Molecular Design of Perylene Diimide Derivatives for Photocatalysis

Abstract

Perylene diimides (PDIs) and their derivatives represent a kind of most promising photocatalytic materials due to their strong visible light absorption, ease of functionalization, excellent thermal/photostability, as well as tunable electronic structures and energy levels. However, several challenges persist in the development of PDI photocatalysts, including low electron–hole separation efficiency, slow charge transfer, and rapid carrier recombination. In this perspective, we focus on enhancing the performance of PDI photocatalysts through a molecular design. We provide a comprehensive overview of various improvement strategies: (1) precise modulation of molecular dipole moments by altering the polarity of side chains to strengthen the built-in electric field, (2) utilization of steric hindrance and noncovalent interactions of side chains to construct nanoscale, highly ordered supramolecular nanostructures, (3) modification of the perylene core to adjust molecular energy levels and increase the number of active sites, (4) integration of PDI with various semiconductors or metals to form composite systems that enhance the interfacial built-in electric field or create extensive delocalized charge channels, and (5) selection of suitable linker groups to build polymer photocatalysts with large dipole moments.
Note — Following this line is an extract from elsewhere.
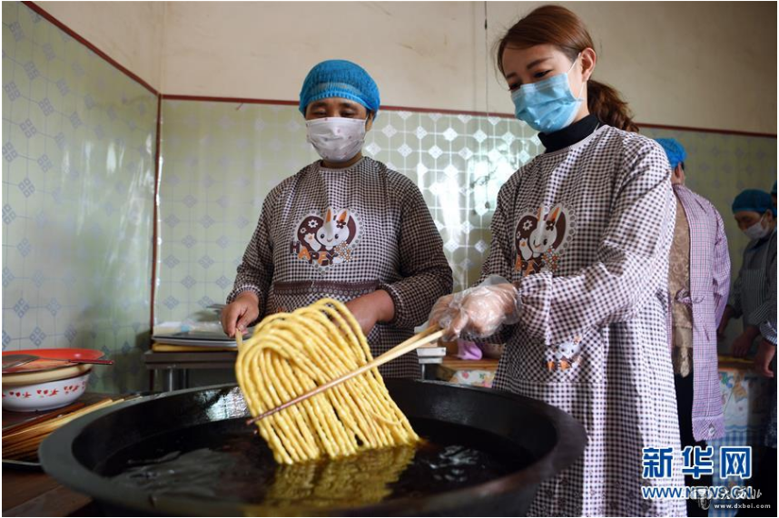在东乡族自治县锁南镇锁南村,马娟(右)和员工一起加工油馃馃(5月24日摄)。1991年出生的马娟是甘肃省临夏回族自治州东乡族自治县锁南镇锁南村人。2014年从兰州一所院校本科毕业后,她考上了西安建筑科技大学的研究生。2017年,当同学们大都在城市找工作的时候,马娟独自返回家乡开始创业。“家乡很贫困,我觉得自己应该回到家乡发展事业。”马娟介绍说,当地的特色食品油馃馃一直很受欢迎,而制作油馃馃又是当地妇女基本都掌握的手艺,马娟决定把家乡的美食推向市场。她召集村里的贫困妇女到作坊加工制作油馃馃,并制定加工标准,自己动手进行包装设计、产品推广,从网店搭建到实体销售,每个细节马娟都亲手完成。功夫不负有心人,自今年1月份上线销售以来,马娟打造的东乡油馃馃供不应求。经过几个月的运营,马娟的创业项目得到了肯定,她被当地组织部门评为巾帼创业能人。为了帮助马娟扩大创业规模,同时带动贫困妇女脱贫,当地政府把一处位于东乡族自治县高山乡布楞沟村的企业援建扶贫车间交由马娟运营和管理。如今,布楞沟村50多户贫困家庭的妇女在家门口的扶贫车间制作油馃馃,有了一份稳定的收入。新华社记者范培珅摄

These strategies can facilitate the separation and migration of photogenerated carriers in PDI photocatalysts, eventually boosting their photocatalytic efficiency. The relationship between molecular structure and photocatalytic performance, particularly in the context of photocatalytic degradation and water splitting, is examined in detail. Finally, the future prospects and challenges of PDI photocatalysts are thoroughly discussed.